Given data >>

+-------+

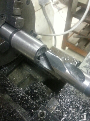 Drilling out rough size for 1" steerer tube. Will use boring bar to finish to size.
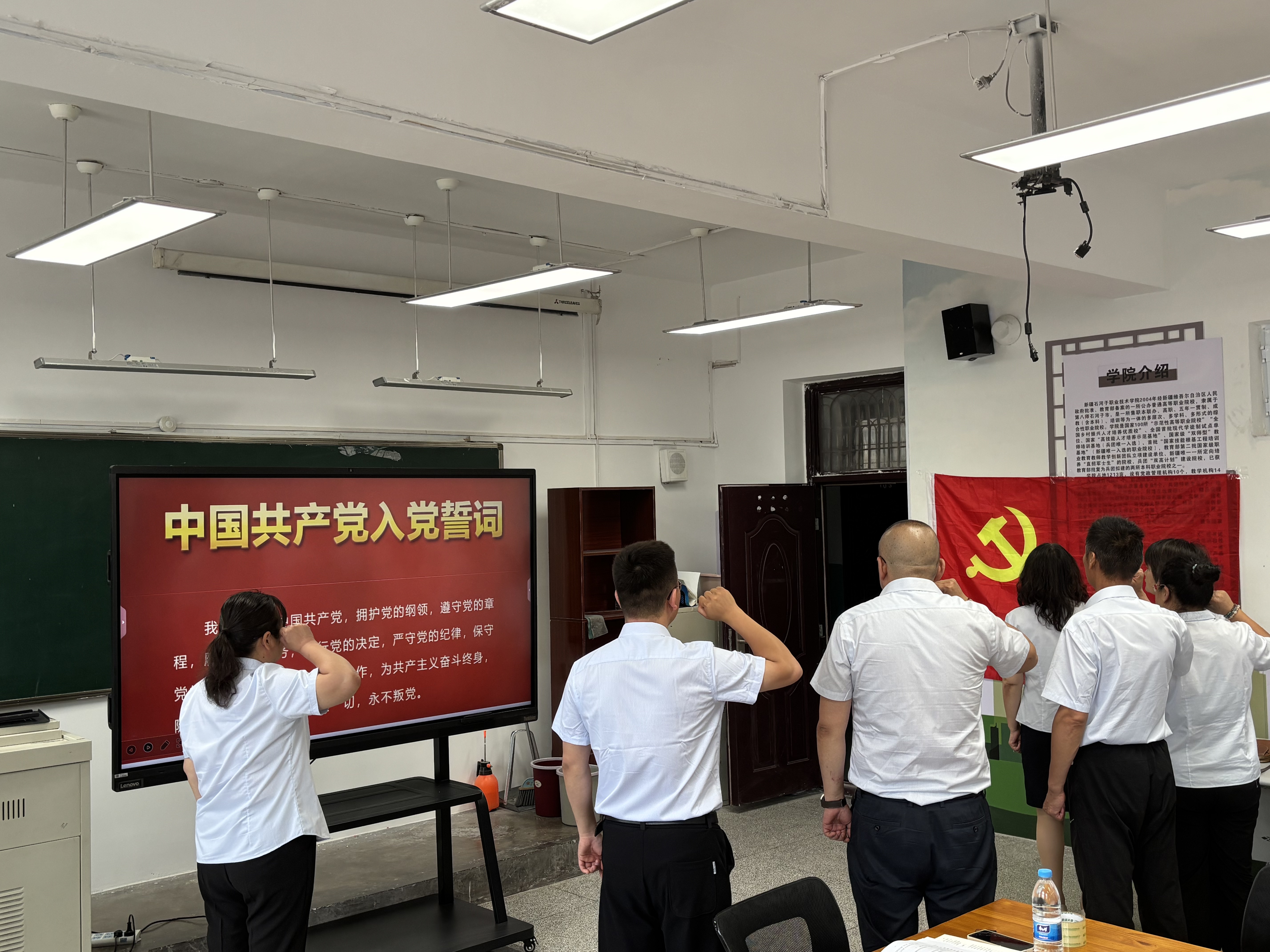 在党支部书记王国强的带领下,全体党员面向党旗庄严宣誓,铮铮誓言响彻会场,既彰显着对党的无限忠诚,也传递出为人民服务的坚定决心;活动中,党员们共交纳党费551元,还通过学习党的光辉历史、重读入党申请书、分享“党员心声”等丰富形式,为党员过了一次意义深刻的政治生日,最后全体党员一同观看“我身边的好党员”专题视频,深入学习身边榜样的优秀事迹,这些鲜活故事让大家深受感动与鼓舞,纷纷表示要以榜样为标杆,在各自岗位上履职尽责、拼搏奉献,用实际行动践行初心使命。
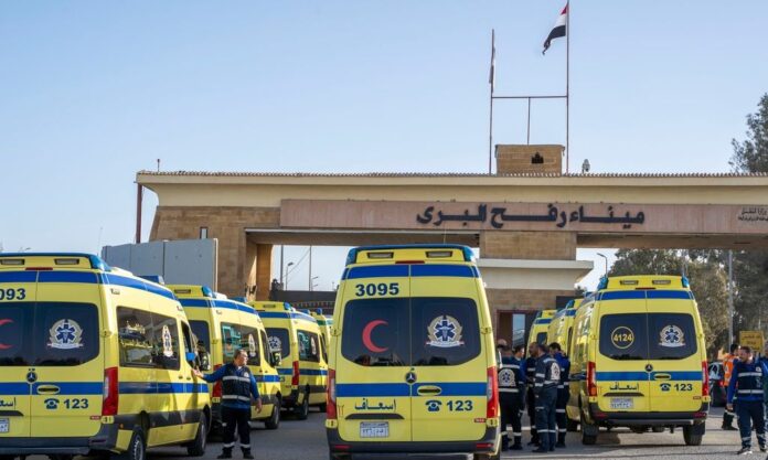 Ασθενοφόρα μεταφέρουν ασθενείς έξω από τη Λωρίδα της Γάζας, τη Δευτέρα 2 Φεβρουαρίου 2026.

+-------+

Skip all pictures. Then give again, exactly, each line from the line holding "在党支部书记王国强的带领下,全体党员面向" through the last line of the listing above, both ends included.

Answer >>
 在党支部书记王国强的带领下,全体党员面向党旗庄严宣誓,铮铮誓言响彻会场,既彰显着对党的无限忠诚,也传递出为人民服务的坚定决心;活动中,党员们共交纳党费551元,还通过学习党的光辉历史、重读入党申请书、分享“党员心声”等丰富形式,为党员过了一次意义深刻的政治生日,最后全体党员一同观看“我身边的好党员”专题视频,深入学习身边榜样的优秀事迹,这些鲜活故事让大家深受感动与鼓舞,纷纷表示要以榜样为标杆,在各自岗位上履职尽责、拼搏奉献,用实际行动践行初心使命。
 Ασθενοφόρα μεταφέρουν ασθενείς έξω από τη Λωρίδα της Γάζας, τη Δευτέρα 2 Φεβρουαρίου 2026.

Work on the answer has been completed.